Our business used to be a leaky bucket. We put sales revenue in the top, but the bucket never filled. Too many holes.
So we got smart and plugged the holes.
Here are some of the biggest leaks in most businesses’ buckets.
#1: Customer Churn Costs
Do you know how much getting a new customer costs?
“Customer Acquisition Cost” (“CAC”) for an agency is typically between $200-$350. (That’s all your sales and marketing costs divided by your total new customers.)
Let’s say your CAC is $225, and your annualized commission is $175.
Then your breakeven point is about 15 months. You start making money in month 16.
Now watch this:
- At the end of 1 year, you’ve lost $50.
- At the end of 2 years, you’ve made $125.
- At the end of 5 years, you’ve made $650.
Better yet, look at it this way:
- 5 customers for 2 years = $625.
- 1 customer for 5 years = $650.
- 5 customers for 5 years = $3250.
High customer churn means your business is hemorrhaging profit. You’re working way too hard for your each dollar. Plug the leaks by engaging with customers and demonstrating care and credibility.
#2: Employee Churn Costs
When you replace an employee, you pay for:
- Their lost production
- Recruiting and hiring costs
- The cost of training and their learning curve
- The opportunity cost of your foregone sales
This could easily set you back $10K-$20K within 3 months. By contrast, paying an extra $2 per hour comes out to $1K in 3 months.
How do you plug the leak? Pay enough that money isn’t a concern. Then make the job meaningful and fulfilling.
#3: Ignoring Compounding Effort
Charlie Munger famously said,
“The first rule of compounding is to never interrupt it unnecessarily.”
Charlie was talking about interest, but it turns out the same is true with good strategic decision-making.
Executing on good strategy brings even better strategies into focus. When we stack good strategy on top of good strategy, the effect compounds over time.

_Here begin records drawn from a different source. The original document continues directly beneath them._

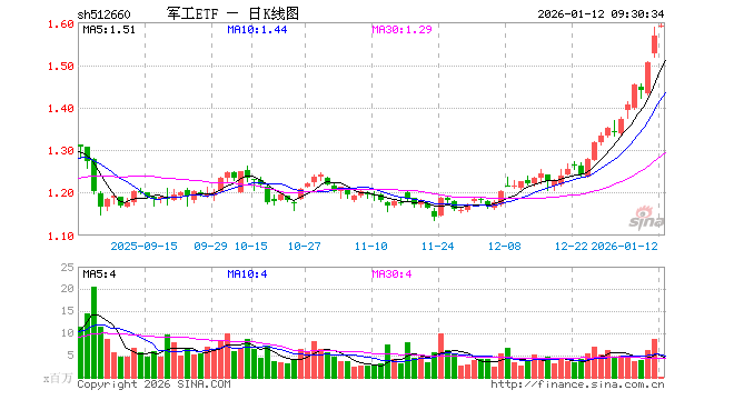 军工ETF(512660)业绩比较基准为中证军工指数收益率,管理人为国泰基金管理有限公司,基金经理为艾小军,成立(2016-07-26)以来回报为55.64%,近一个月回报为27.99%。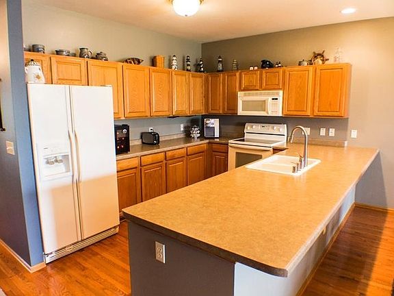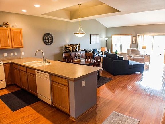 Don't miss this one! Sought after Hunters Ridge. Beautiful open concept, southern exposure condo. Large foyer / entry opens to huge kitchen / great room. Breakfast bar and dining area. Cathedral ceilings, fine hard wood floors, recess lighting, six panel doors and fireplace. Private entry and patio that overlooks large grassy area. Sunny office/den. Large master with attached bath and walk in closets. Main floor laundry. Attached 2.5 car garage. Basement workroom.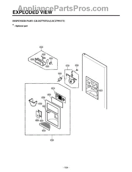 The Ice Chute Door is an OEM part for LG refrigerators. It is located in the ice dispenser area on the front of the refrigerator. It opens and closes automatically when ice is dispensed, ensuring a controlled release of ice cubes or crushed ice into the user's glass or container. The door helps to prevent frost buildup, maintain proper insulation, and protect the ice inside the dispenser.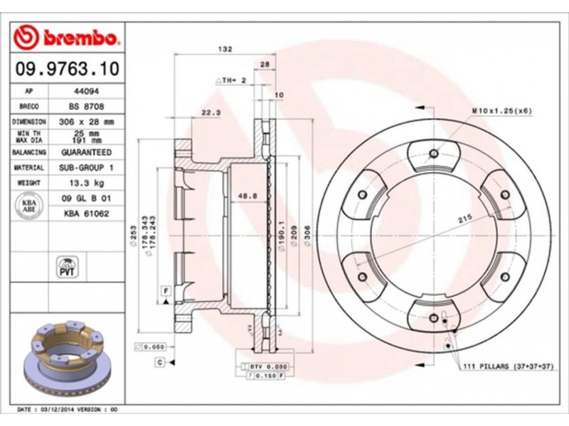 09.9763.10 ΔΙΣΚΟΙ ΟΠΙΣΘ.IVECO IV/V/VI (306MM) BREMBO 09.9763.10 - Δισκόπλακα

But when we constantly hit reset with short-term, tactical decision making, well, we forfeit our biggest potential returns and endure slow, linear growth.

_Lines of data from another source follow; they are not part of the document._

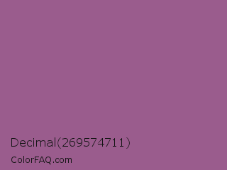 Decimal 269574711 Color is a normal magenta color and the nearest color is Strikemaster #956387. Hex code #9a5c8d and RGB value is rgb(154,92,141). In RGB color space, this color is composed of 60% red, 36% green, 55% blue, In CMYK color space, this color is composed of 0% cyan, 40% magenta, 8% yellow , 40% black , In HSL color space, this color has a hue angle of 313° , 25% saturation and 48% lightness.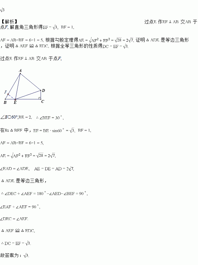 如图,四边形ABCD中,∠B=60°,∠C=90°,AB=6,AD=,E在BC上,连AE、DE,若∠EAD=∠ADE,BE=2,则DC=_______.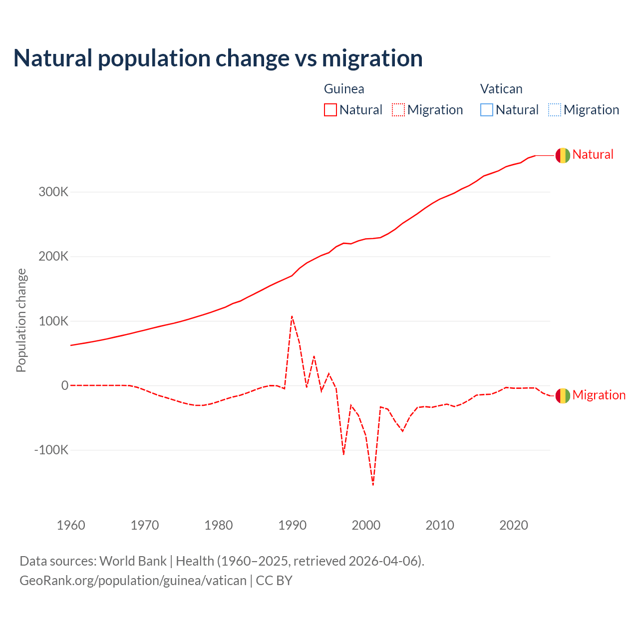 - For the last 10 years, Guinea has had an average growth rate of +2.54% per year vs +1.9% in the Vatican.
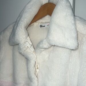 Epic Threads faux fur color block jacket in size M the color is cream and pink. Has pockets and button closure.

How do you plug the leak? Spend an hour a day following really smart business people and reading their stuff. Then figure out how to do what they do in your business.
Stop working harder. Work smarter. Then work even smarter than that.
#4: Competing on Price
A customer with a house, 3 cars, some toys, a small business, and financial services products can easily provide 20-30 times as much bottom line CLV as a single-line auto policy holder.
And that high-value customer is looking for value.
When we focus too much on price, we lose our differentiation and end up with a larger share of customers who don’t stay long and don’t provide us much opportunity to meet more of their needs.
To plug the leak, alocate more time to connecting with high-value customers, giving them a lot of value, and meeting the people they rub shoulders with.
#5: Obsessing Over The Competition
We don’t have any control over “them”. We don’t know much about their inner workings.
But we do have all the dirt on our own operation. We know everything that could be better.
Focusing on the competition makes us mypic and reactive. We lose our differentiation. Instead of being different, we try to be “better”. Different is better than better.
Here’s the great secret:
Plug this leak by competing with yourself. Make next-year you much better than this-year you. Do that every year and you won’t have competitors anymore.